From the listing that follows, reproduce only the lines from the one holding "When I wake" through the one holding "In order to achieve", both included, with no pictures.
━━ THE INPUT ━━
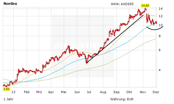 Technisch betrachtet hat sich die Lage bei der Nordex-Aktie aufgehellt. Nachdem die Unterstützung durch die 90-Tage-Linie gehalten hat, zog das Papier wieder bis auf knapp 10,70 Euro an. Dabei könnte sich eine Untertasse ausbilden. Die Wahrscheinlichkeit auf steigende Kurse in den nächsten Wochen sind jedenfalls wieder gestiegen.
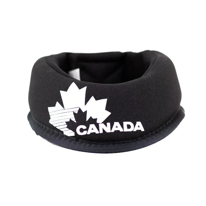 The Team Canada hockey neck guard has a contoured to fit nicely around your neck ,with a plastic integrated layer runner inside the neck guard for added protection.
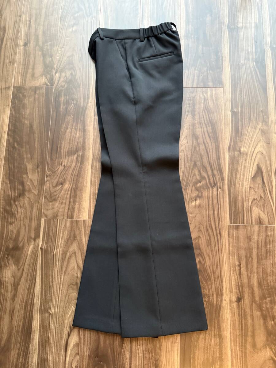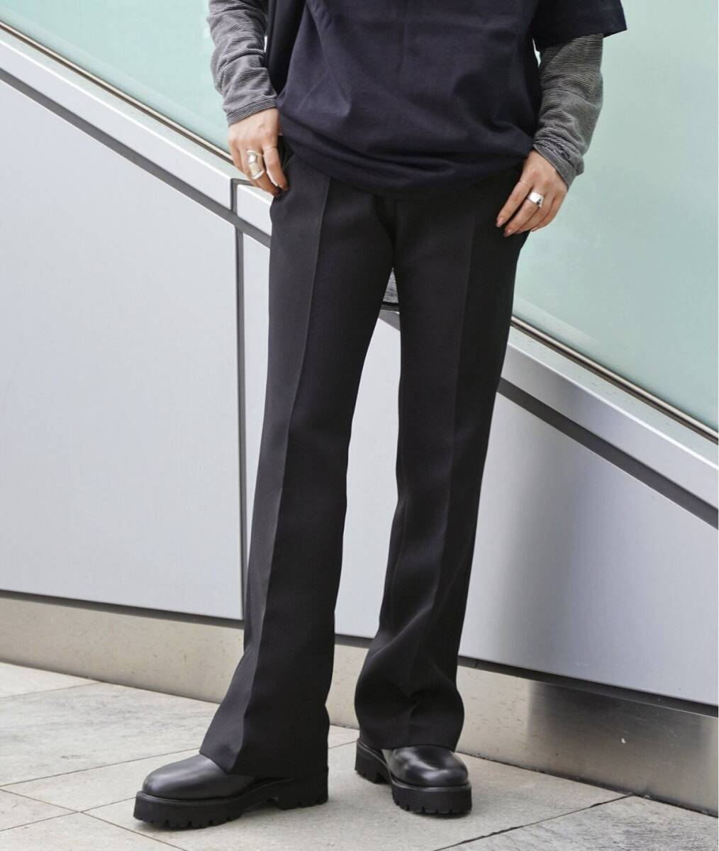 腰回りに程よいゆとりがありながらも、膝から裾いかけて自然なフレアラインが脚を綺麗に見せてくれるスリムパンツです。
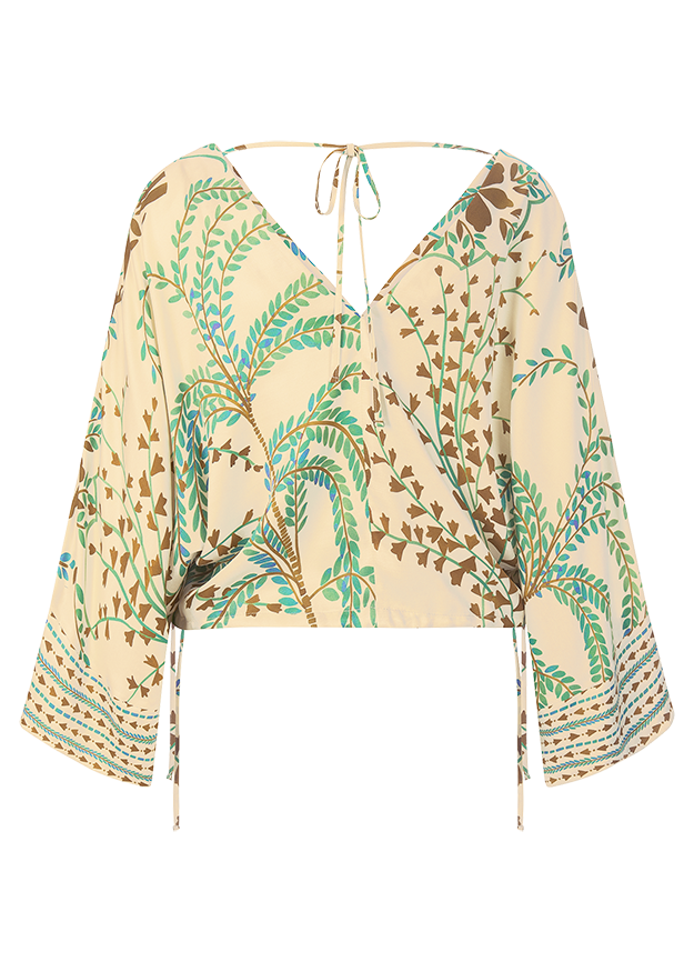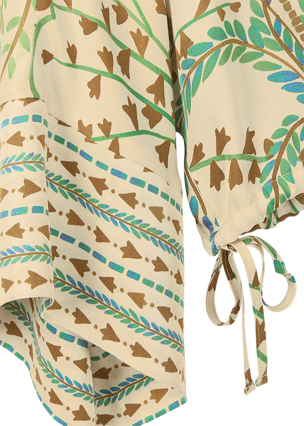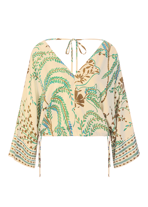 Tropical Summer im Stencil Print! Diese RIANI-Bluse mit V-Ausschnitt und seitlichen Bändern begeistert mit ihrer fröhlichen, natürlichen Frische. Der lebendige Print und die umweltfreundliche Eco Vero Viscose verleihen ihr nicht nur einen stylischen Look, sondern auch ein gutes Gewissen. Ganz nach dem Motto: Eco Glam!
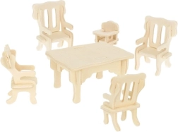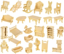 Този комплект съдържа 34 части дървени мебели, които можете да сглобите сами и да създадете идеален интериор за кукли. Мебелите са проектирани в мащаб, подходящ за различни къщи за кукли, а благодарение на работата с дърво децата могат да развиват креативността си и да създават уникални цветови комбинации според своя вкус.
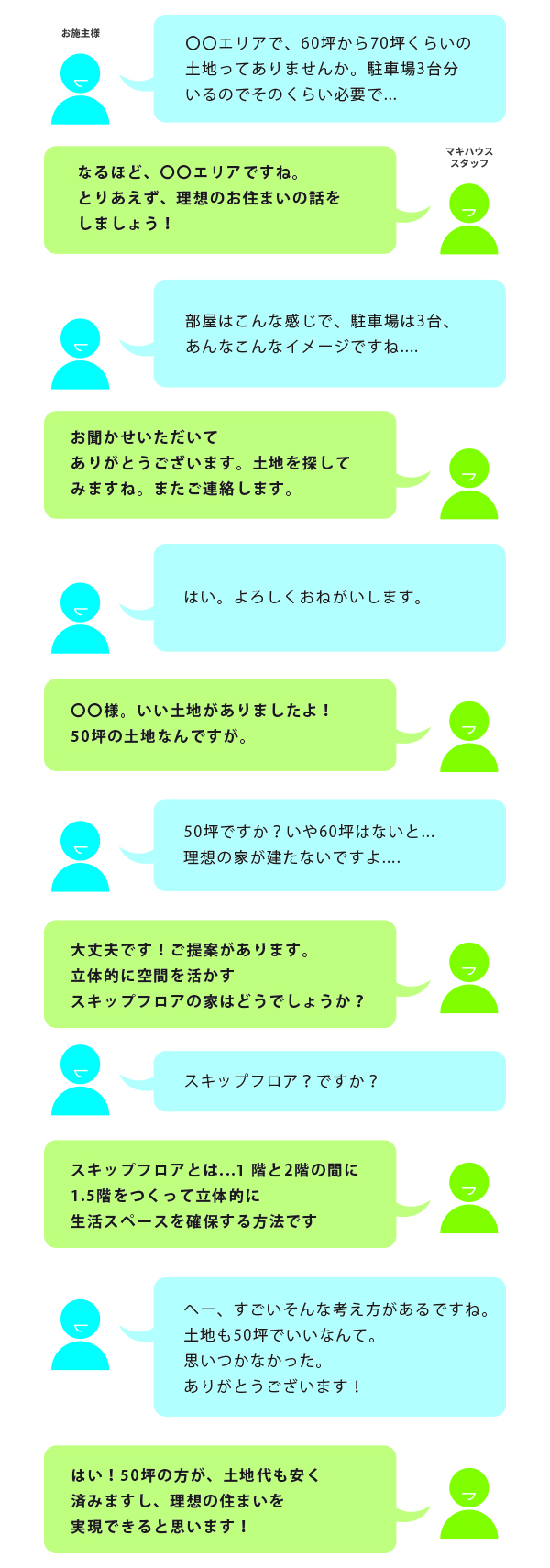当社のお客様でも、そういった方はいらっしゃいます。それでは、実際の当社の提案例をご紹介します。これは、当社のお施主様で実際にあったケースです。このように、60坪ないといけないと思っていたお施主様も、弊社からの提案で、50坪でもスキップフロアというカタチで理想の家を実現できることに気づいていただきました。
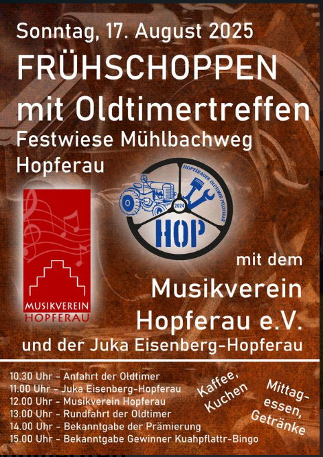 Am Sonntag, den 17. August 2025, trifft mechanische Nostalgie auf musikalische Tradition: Auf der Festwiese am Mühlbachweg in Hopferau findet ab 10:30 Uhr ein stimmungsvoller Frühschoppen mit Oldtimertreffen statt. Veranstaltet wird das gesellige Sommerereignis vom Musikverein Hopferau e.V. gemeinsam mit der Jugendkapelle Eisenberg-Hopferau.
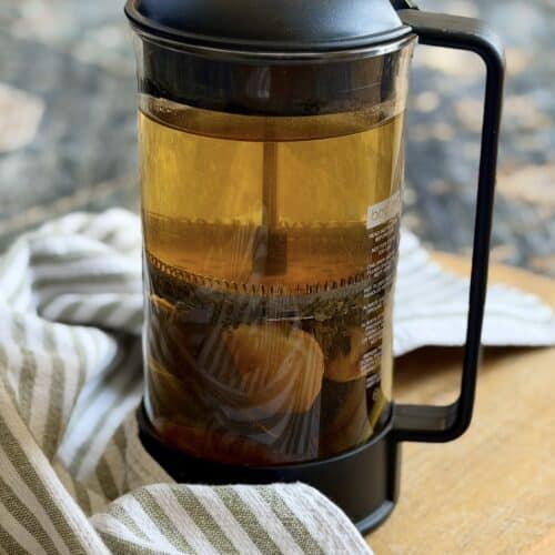 When I wake in the morning, around 6 AM, I go downstairs to make breakfast and pack lunches for my family. However, one of the first things I do is fill my electric tea kettle with water. Then, I add the fruit scraps from packing lunches, like apple cores and citrus rinds, to the bottom of my French press. Once I add the fruit leaves to the French press, top it full of hot water from the tea kettle, and let it steep all morning long.
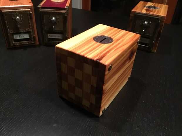 Yo tenía un montón de esas cosas de "lujo" de mi banco de hijas. Decidí incorporar a las finales dos de cajas. Como las otras cajas, es simplemente un pegado junto caja de madera. La diferencia en esta es la parte de atrás. Es un patrón de tablero de ajedrez. Tenía tablero de desecho restos de un intento fallido por hacer que mis papás urna un patrón de tablero de ajedrez. Usé mi cepillo de 12" para tomar hasta aproximadamente 1/4 de pulgada. Esta no fue mi mejor idea ya destruí casi todas y casi mi cepillo con él. Sin embargo, tengo una losa realizable y se ve cool.
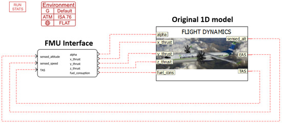 In order to achieve this, the different models developed for each system were adapted in order to make them compatible with the FMU interface but without changing any previously modelled elements. In Figure 6, an example is shown of how an AMESimTM super-component can be prepared for the export as an FMU. It can be seen that the “FLIGHT DYNAMICS” block is the super-component including the model for the simulation of the dynamics of the aircraft, including its aerodynamic characteristics during flight, with its input and output variables. Then, we added a fictitious block (on the left) which is the FMU interface block: its function is to define which variables the FMU, once exported, must exchange with the external environment.
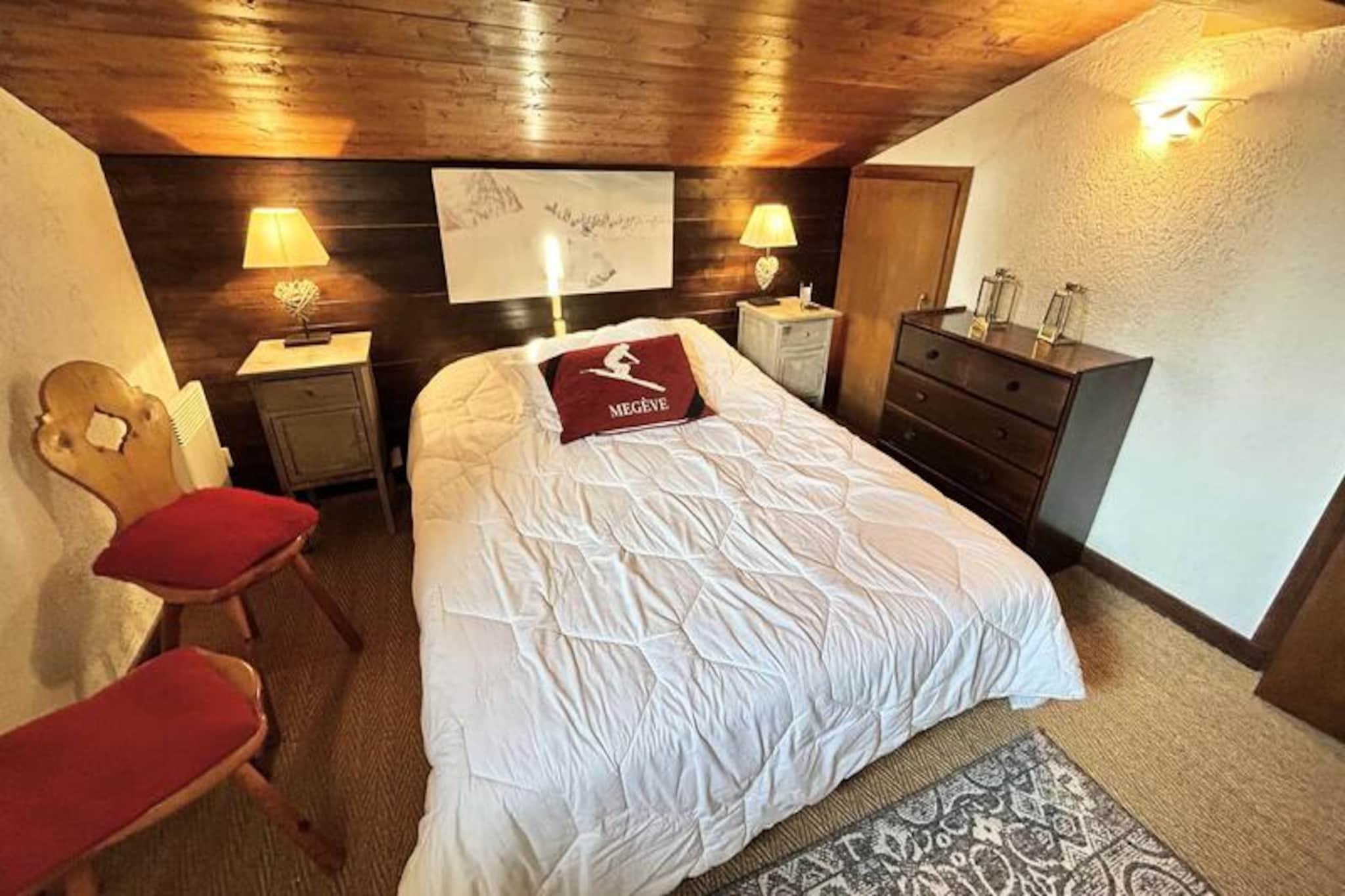 På kanten af ??de fortryllende Mont d'Arbois-pister inviterer denne charmerende duplex dig til at fordybe dig i de franske alpers skønhed. Uanset om du er her for spændende vintersport eller rolige sommereventyr, kunne beliggenheden ikke være mere perfekt. Kun 3 minutters gang fra Mont d'Arbois-skiliften og få skridt fra et bekvemt skibusstoppested sikrer denne ejendom problemfri adgang til regionens berømte aktiviteter og betagende landskaber. Den vestvendte balkon tilbyder et roligt sted at slappe af med udsigt, der indfanger den alpine magi på alle tider af dagen. \n\nIndenfor er duplexen omhyggeligt designet til at kombinere komfort og praktisk anvendelighed. Entréhallen fører til en hyggelig åben stue med et udstyret køkken, tv, dvd-afspiller og en dekorativ pejs, der tilføjer et strejf af rustik charme. Ovenpå tilbyder mezzaninen med to enkeltsenge et legende tilflugtssted, mens to soveværelser på loftet - et med en dobbeltseng og det andet med en større dobbeltseng - tilbyder afslappende oaser til din alpine flugt. Ejendommen har også to badeværelser, et med separat toilet, hvilket sikrer bekvemmelighed for familier eller små grupper. Moderne faciliteter som et skirum og sikker parkeringsplads forbedrer dit ophold yderligere. \n\nUd over ejendommen er det omkringliggende område et paradis for friluftsentusiaster. Fra skiløb og snowboarding om vinteren til vandreture og mountainbiking om sommeren tilbyder Mont d'Arbois uendelige muligheder for at udforske. I nærheden finder du charmerende landsbyer, lokale restauranter og kulturelle vartegn, der fremviser regionens rige kulturarv. For familier gør skibusstoppestedet og yderligere tjenester som babysæt og udlejning af sengetøj det nemt at rejse med de små. \n\nUanset om du søger eventyr eller afslapning, er denne duplex din indgang til uforglemmelige alpine oplevelser. Lad de majestætiske tinder og den uberørte luft inspirere din næste ferie i hjertet af de franske alper.
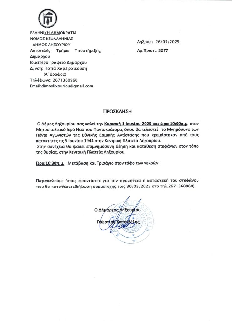 Την Κυριακή 1η Ιουνίου μνημόσυνο των 5 Αγωνιστών της Εθνικής Εαμικής Αντίστασης στο Ληξούρι
━━━
RESPONSE BOX
 When I wake in the morning, around 6 AM, I go downstairs to make breakfast and pack lunches for my family. However, one of the first things I do is fill my electric tea kettle with water. Then, I add the fruit scraps from packing lunches, like apple cores and citrus rinds, to the bottom of my French press. Once I add the fruit leaves to the French press, top it full of hot water from the tea kettle, and let it steep all morning long.
 Yo tenía un montón de esas cosas de "lujo" de mi banco de hijas. Decidí incorporar a las finales dos de cajas. Como las otras cajas, es simplemente un pegado junto caja de madera. La diferencia en esta es la parte de atrás. Es un patrón de tablero de ajedrez. Tenía tablero de desecho restos de un intento fallido por hacer que mis papás urna un patrón de tablero de ajedrez. Usé mi cepillo de 12" para tomar hasta aproximadamente 1/4 de pulgada. Esta no fue mi mejor idea ya destruí casi todas y casi mi cepillo con él. Sin embargo, tengo una losa realizable y se ve cool.
 In order to achieve this, the different models developed for each system were adapted in order to make them compatible with the FMU interface but without changing any previously modelled elements. In Figure 6, an example is shown of how an AMESimTM super-component can be prepared for the export as an FMU. It can be seen that the “FLIGHT DYNAMICS” block is the super-component including the model for the simulation of the dynamics of the aircraft, including its aerodynamic characteristics during flight, with its input and output variables. Then, we added a fictitious block (on the left) which is the FMU interface block: its function is to define which variables the FMU, once exported, must exchange with the external environment.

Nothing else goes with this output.